Aim of the task
Pictures must not appear in the copy. Set down exactly the line with "P/N:07232835 SMA(M) S/T" and each line after it through the end of the data below.

Data section
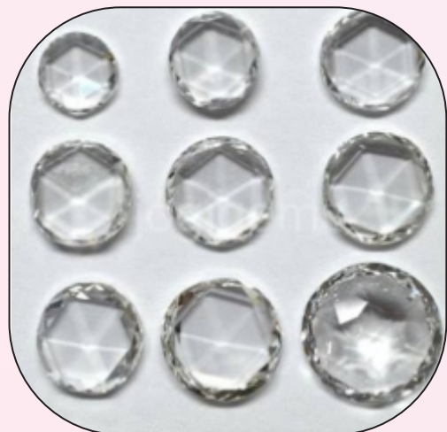
Rose Cut Diamonds
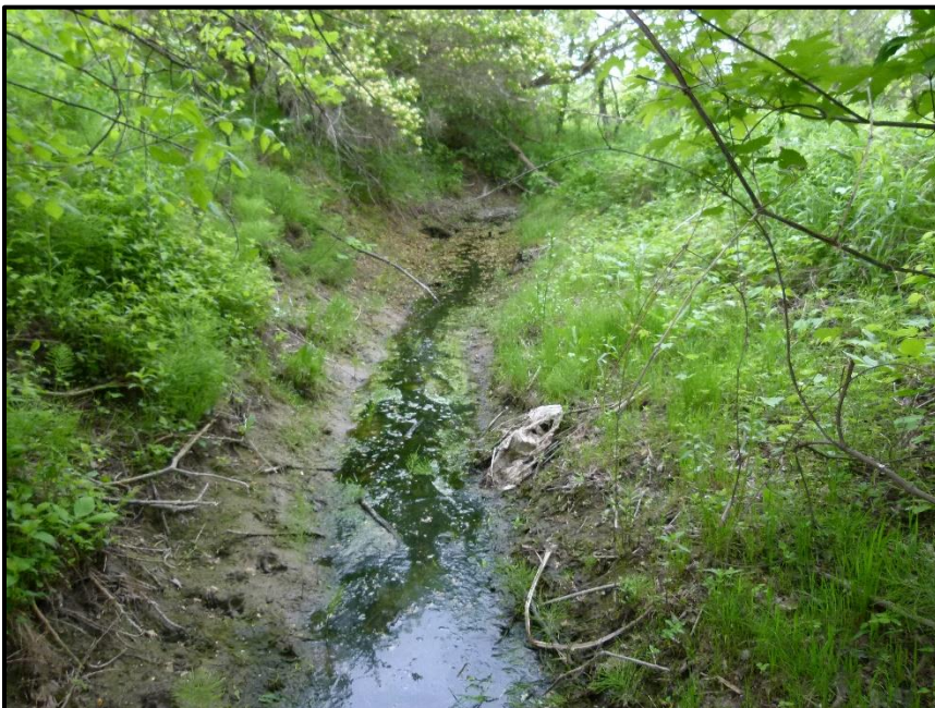
Photograph 20: Survey Site #5 downstream, facing downstream (May 26 th , 2021).
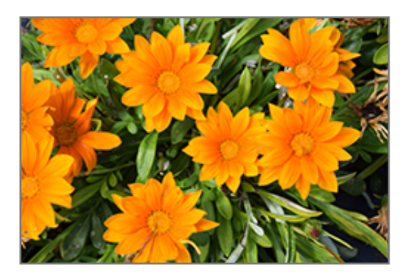
New Day Clear Orange Gazania flowers

Bandera Location 8516 Bandera Road San Antonio, TX 78250 (210) 680-2394
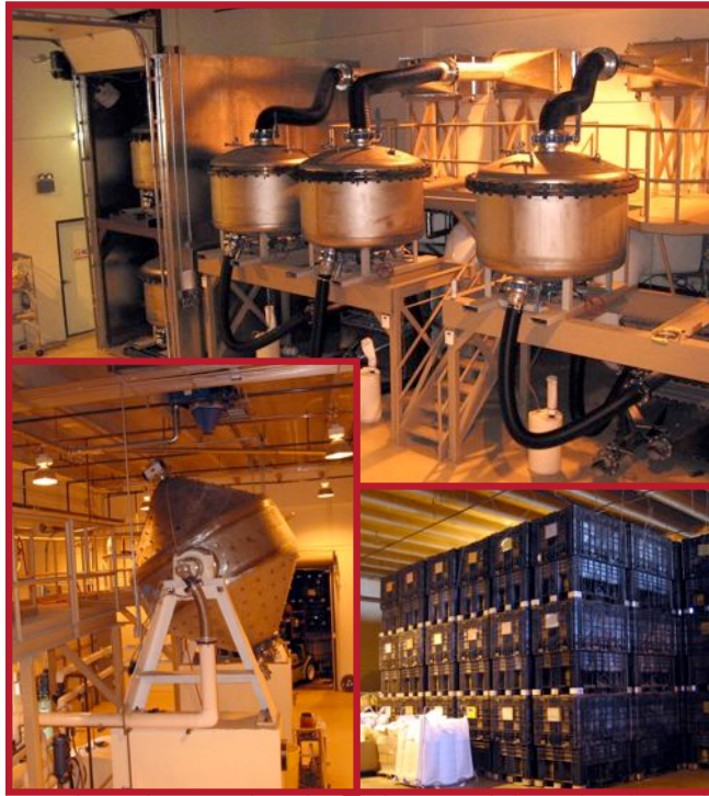
Figure 3. Facility for manufacturing atoxigenic strain material run by the Arizona Cotton Research and Protection Council in Phoenix, Arizona. The process and facility were developed by a partnership between ARS and ACRPC.
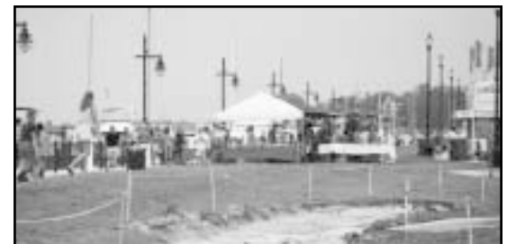
Views of 2002 Summer Festival on the waterfront.
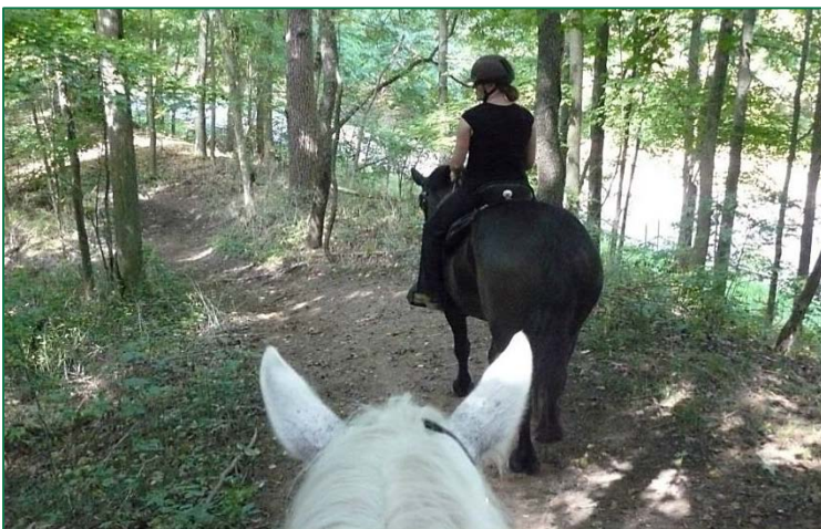
Pleasant Hill Equine Fund
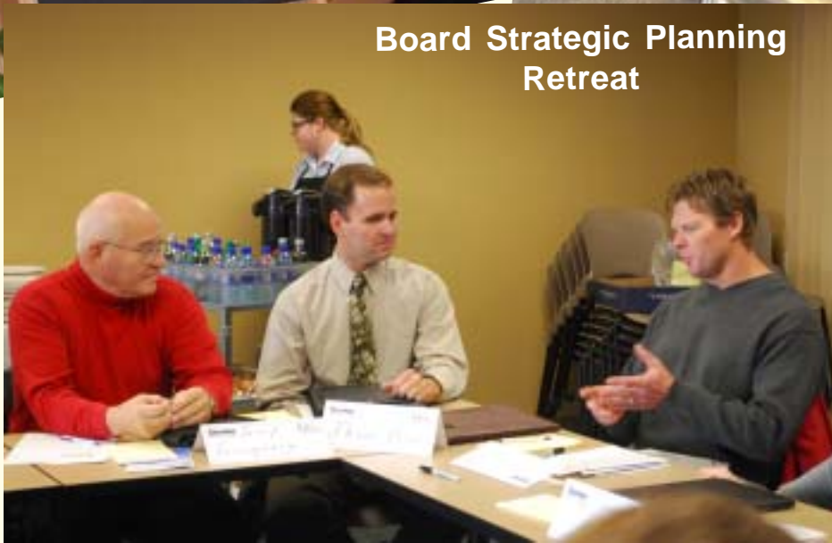
Board Strategic Planning Retreat
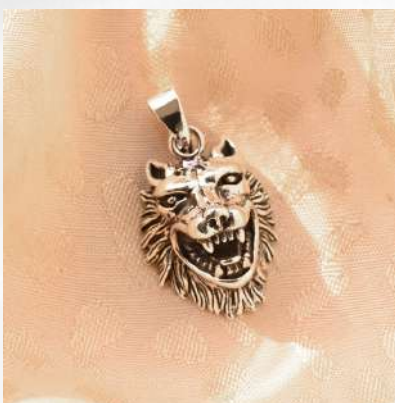
PRODUCT CODE: #SP-004

Material – 925 Sterling Silver Weight Range – 3.6 gram
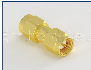
P/N:07232835 SMA(M) S/T Plug To SMA(M) S/T Plug
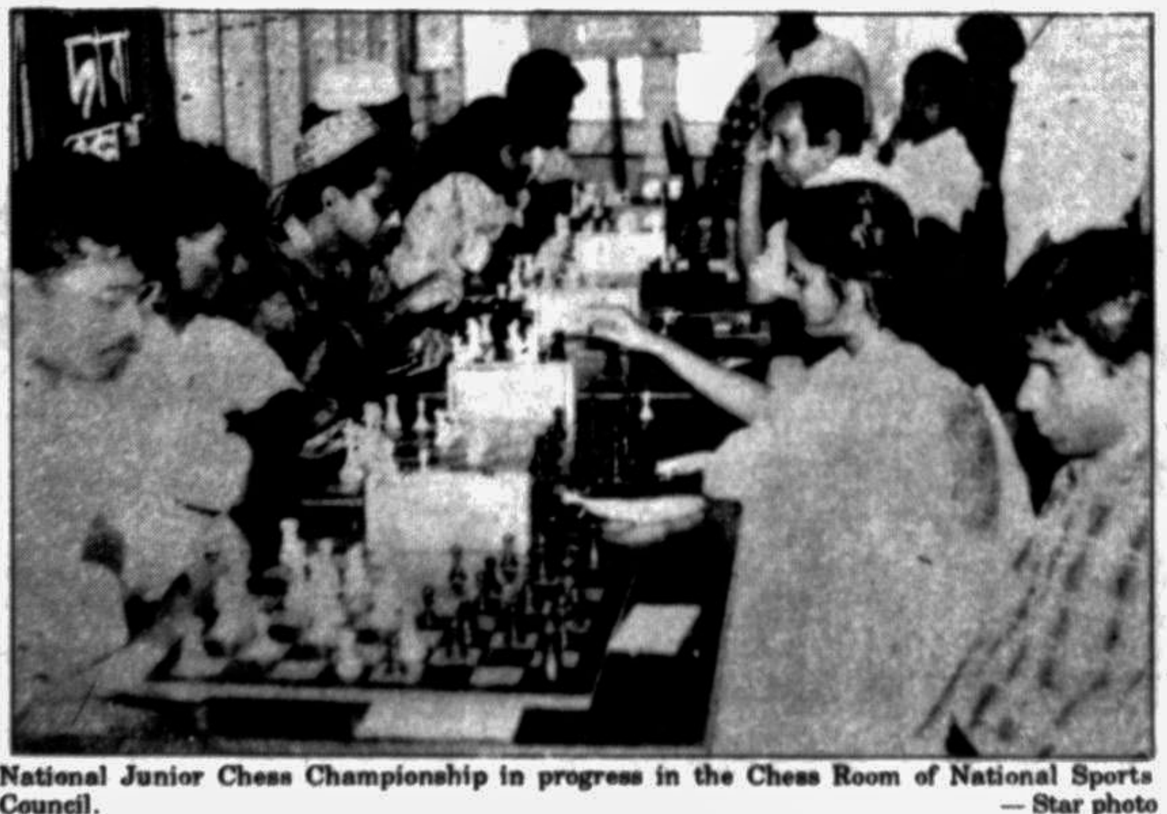
National Junior Chess Championship in progress in the Chess Room of National Sports Council.

Solution
P/N:07232835 SMA(M) S/T Plug To SMA(M) S/T Plug
National Junior Chess Championship in progress in the Chess Room of National Sports Council.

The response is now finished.